Problem to work on.
After locating the line with "消防隊員變妝成吸血鬼和天使,在舞台上超熱" in the entries below, output it and each following line up to and including the line with "我们工作室的新作《档案诡计》(File Tricks) 是一款文字解谜的视觉小说,正式定档", exactly and without pictures.

Records supplied.
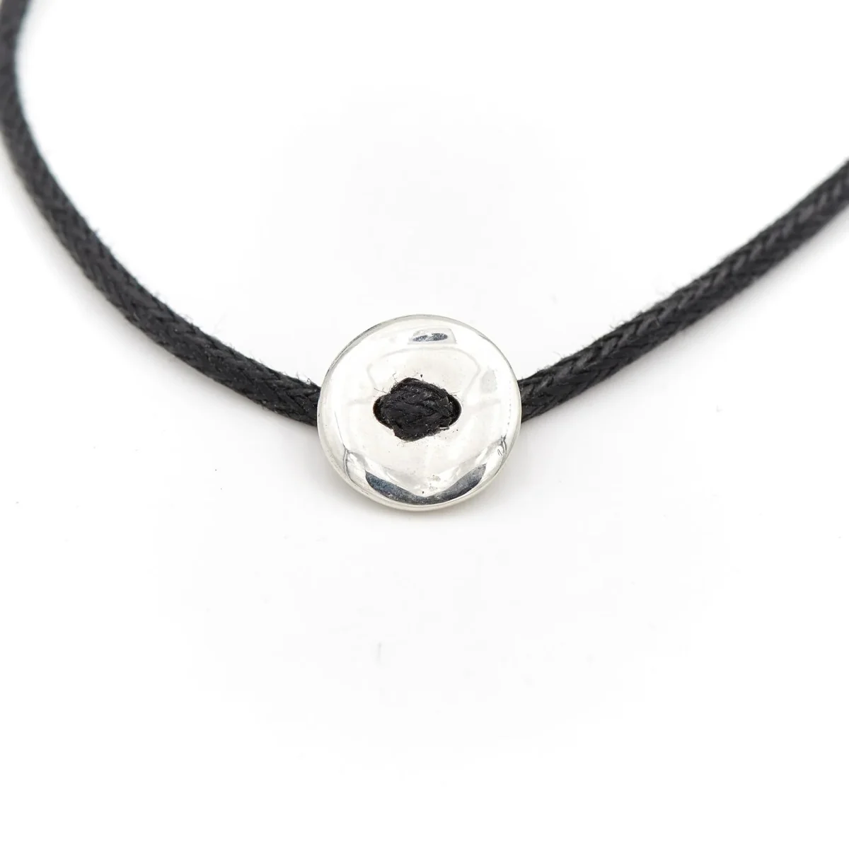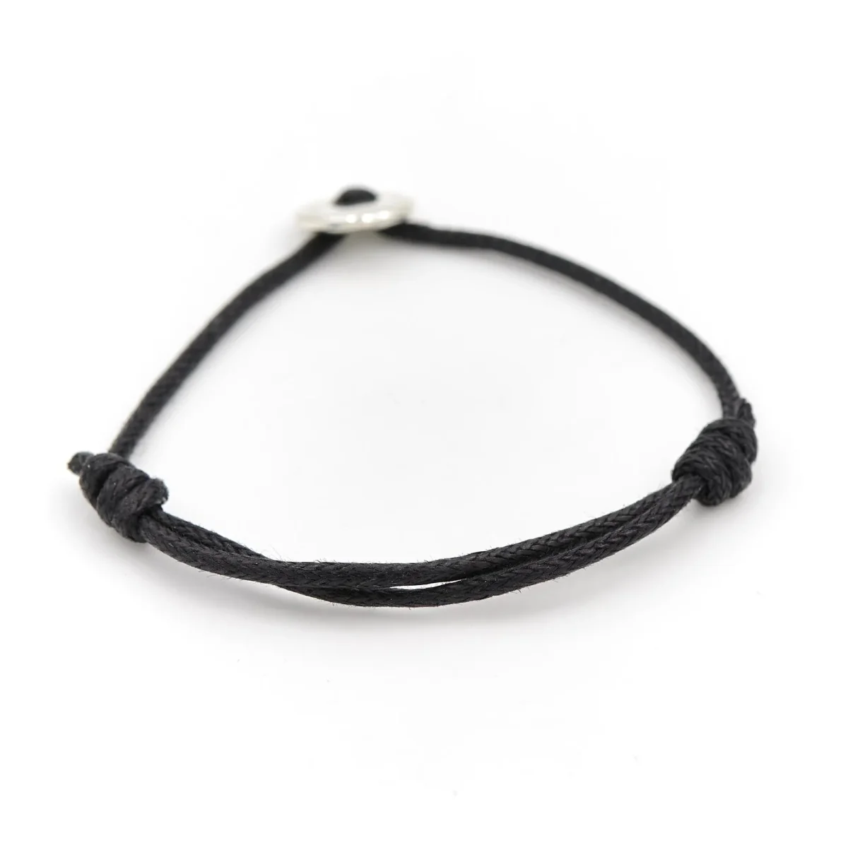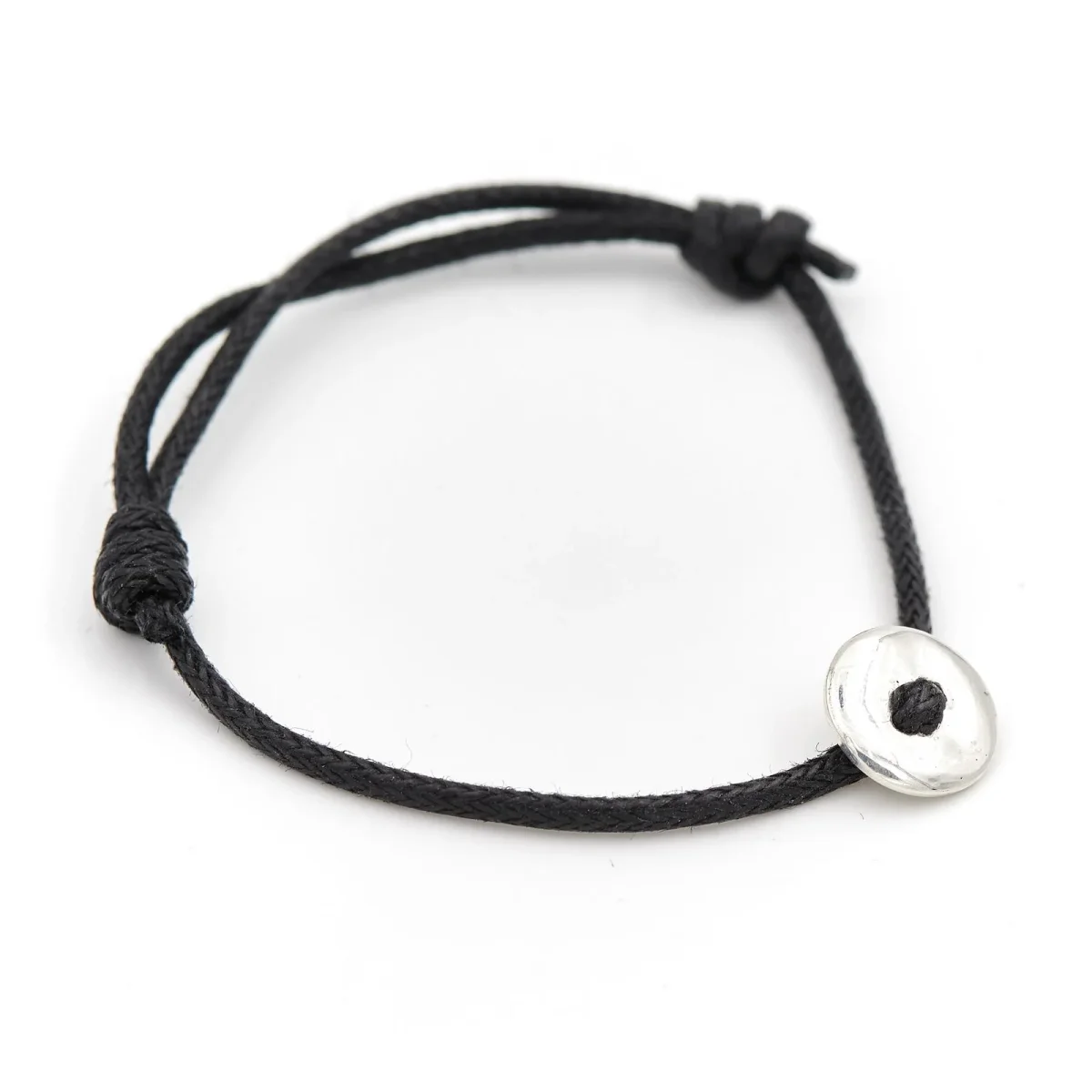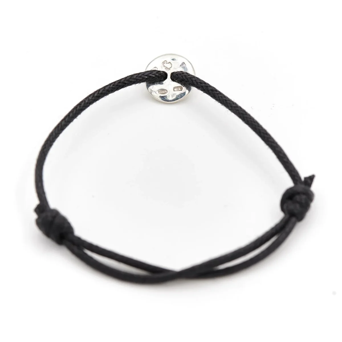 Bracelet signé de la Maison Dodo Pomellato en argent 925 millièmes, modèle Dodo sur cordon ajustable, Diamètre du bouton: 1,15 cm, Longueur du bracelet : 17 cm, réglable, signé et numéroté: 1468, Poids total: 2,40 g, Excellent état
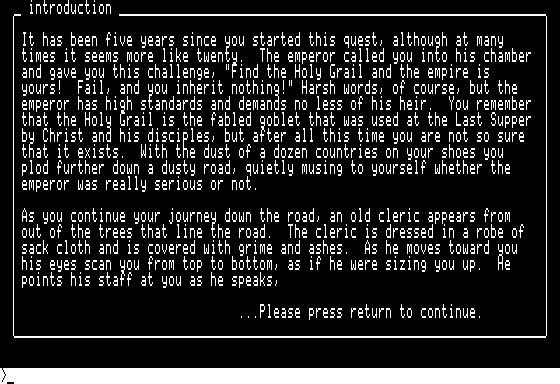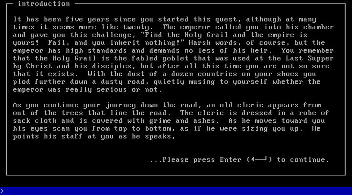 Overall, the gameplay marries the cerebral pleasure of traditional text adventures with the occasional high-stakes action scene. If you enjoy cryptic riddles, detailed world descriptions, and the tactile thrill of text-based combat, The Holy Grail delivers a robust experience that rewards patience and creativity.
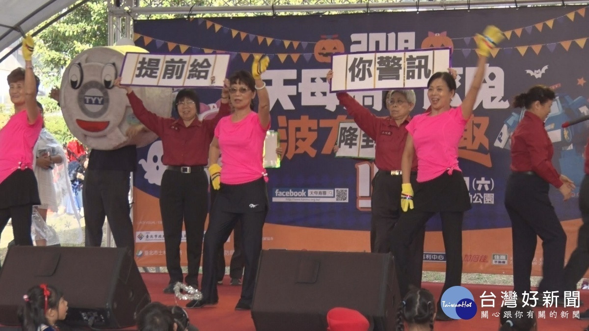 消防隊員變妝成吸血鬼和天使,在舞台上超熱氣氛,並透過有獎徵答聚集人潮,婦宣隊成員更帶來自創舞蹈,向民眾宣揚正確防災觀念。
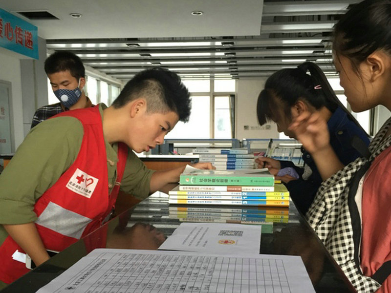 9月10日,新生开课前,我校资助中心和校红十字会在“爱心书屋”为家庭经济困难学生免费发放教材,本次活动共为143名学生发放教材834本。
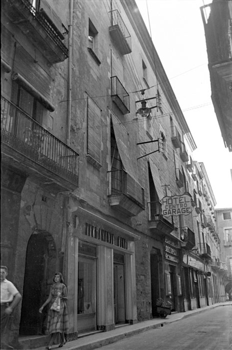 (Ampliar) - El carrer Ciutadans amb rètols comercials: Permanente Henri, Perfumeria Ortopedia Torrellas, al mig Hotel Centro. 1957. Miquel Morillo Gallego. CRDI - Ajuntament de Girona.
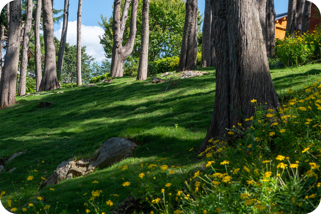 来到风情岛的另一侧,这里有着这一片被草坪所覆盖的树林,有一种童话般的美。
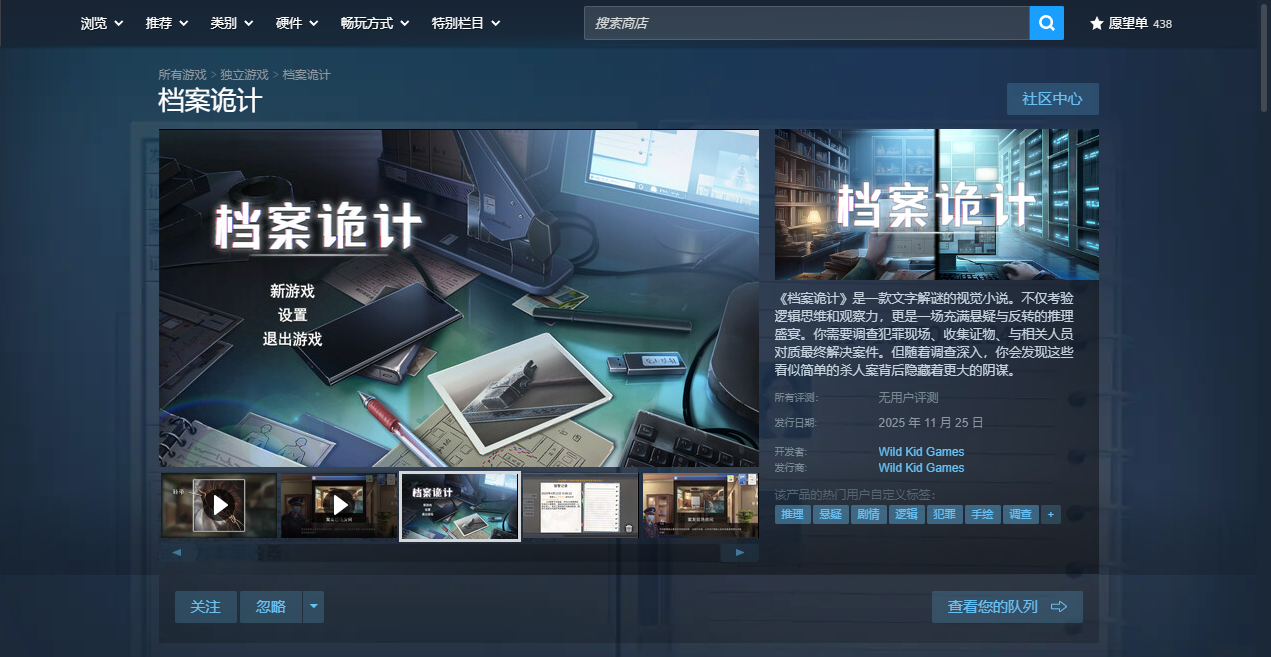 我们工作室的新作《档案诡计》(File Tricks) 是一款文字解谜的视觉小说,正式定档 2025年11月25日 于 Steam 发售!
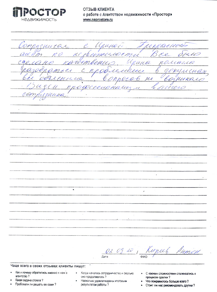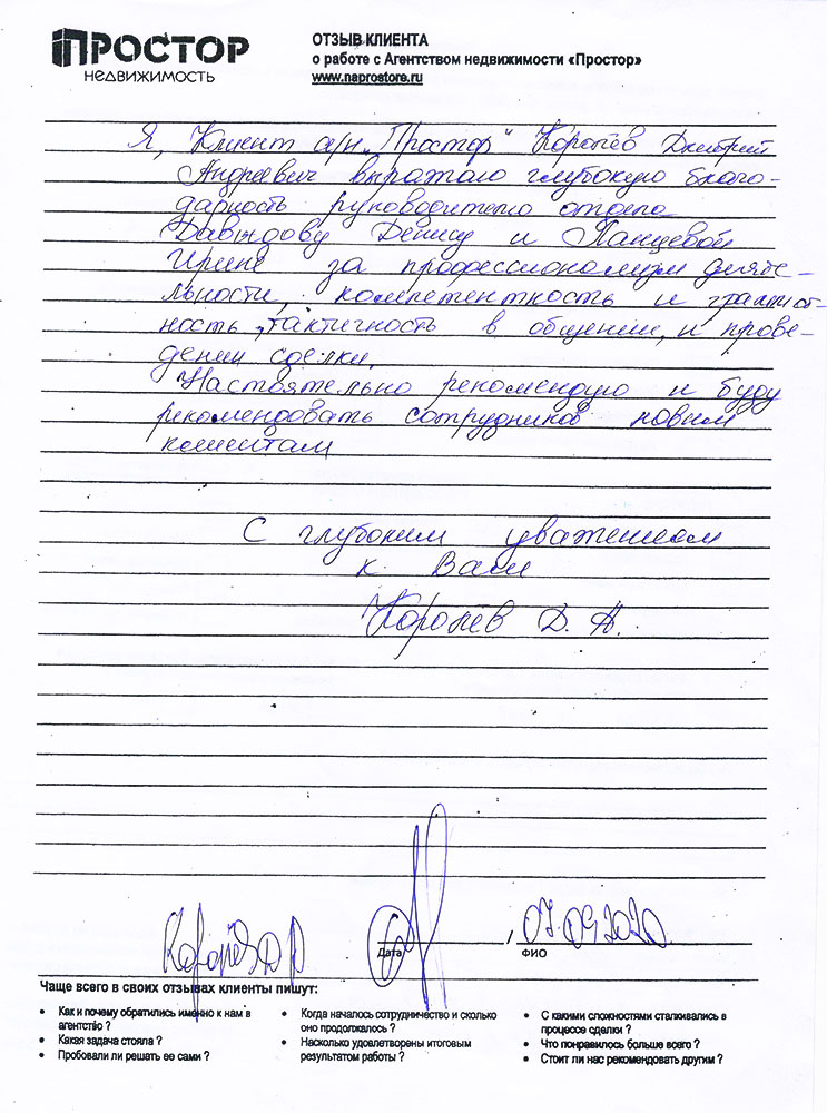 Я, клиент а/н "Простор" Королев Дмитрий Андреевич выражаю глубокую благодарность руководителю отдела Давыдову Денису и Ланцевой Ирине за профессионализм деятельности, компетентность и грамотность, тактичность в общении и проведении сделки. Настоятельно рекомендую и буду рекомендовать сотрудников новым клиентам. С глубоким уважением к Вам Королев Д.А.
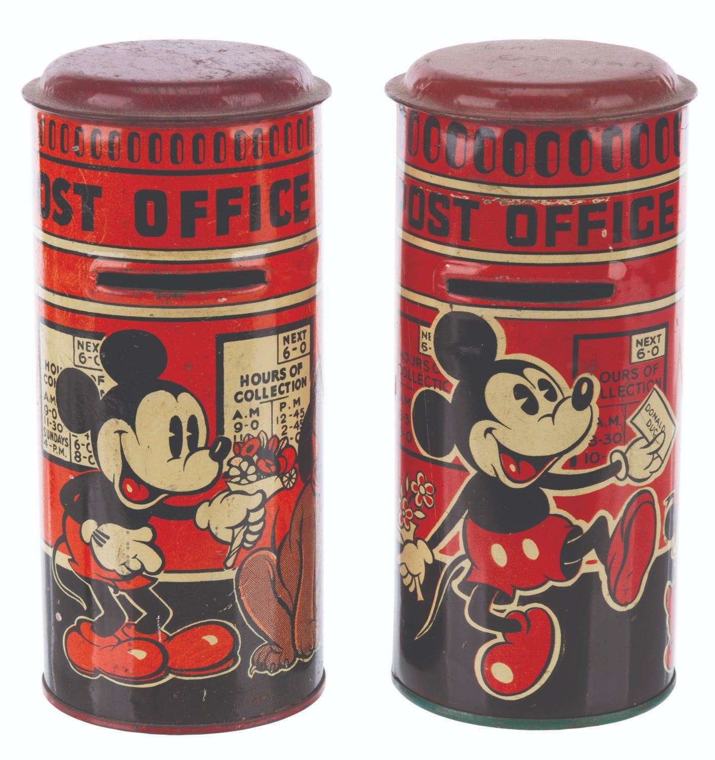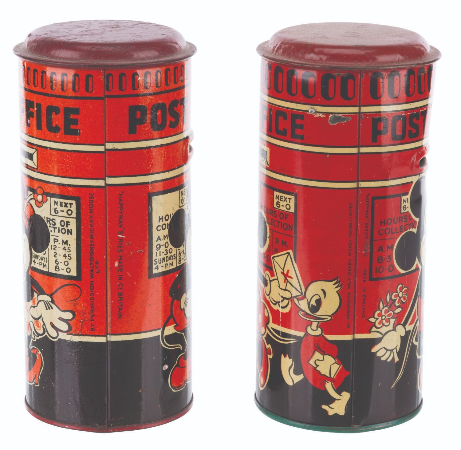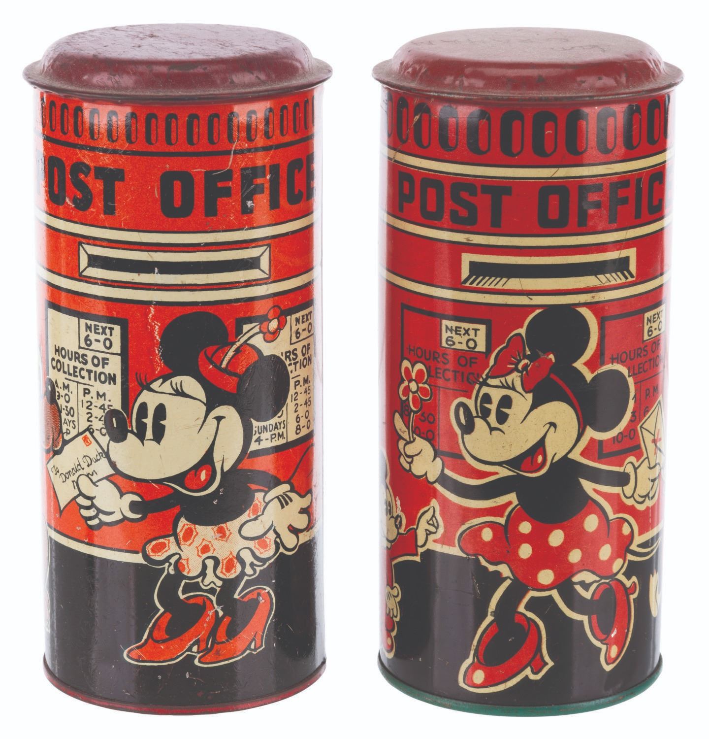 (Happynak, 1930s) A pair of tin litho Mickey and Minnie Mouse post office coin banks made in England by Happynak. One bank features Pluto while the other, Series No. 612, features one of Donald’s and one of Mickey’s nephews. Measuring 6" tall and 3" in diameter, the banks are in fair to good condition with heavy scratches, dents, oxidation from age, and a name engraved on one lid.

Answer area.
 消防隊員變妝成吸血鬼和天使,在舞台上超熱氣氛,並透過有獎徵答聚集人潮,婦宣隊成員更帶來自創舞蹈,向民眾宣揚正確防災觀念。
 9月10日,新生开课前,我校资助中心和校红十字会在“爱心书屋”为家庭经济困难学生免费发放教材,本次活动共为143名学生发放教材834本。
 (Ampliar) - El carrer Ciutadans amb rètols comercials: Permanente Henri, Perfumeria Ortopedia Torrellas, al mig Hotel Centro. 1957. Miquel Morillo Gallego. CRDI - Ajuntament de Girona.
 来到风情岛的另一侧,这里有着这一片被草坪所覆盖的树林,有一种童话般的美。
 我们工作室的新作《档案诡计》(File Tricks) 是一款文字解谜的视觉小说,正式定档 2025年11月25日 于 Steam 发售!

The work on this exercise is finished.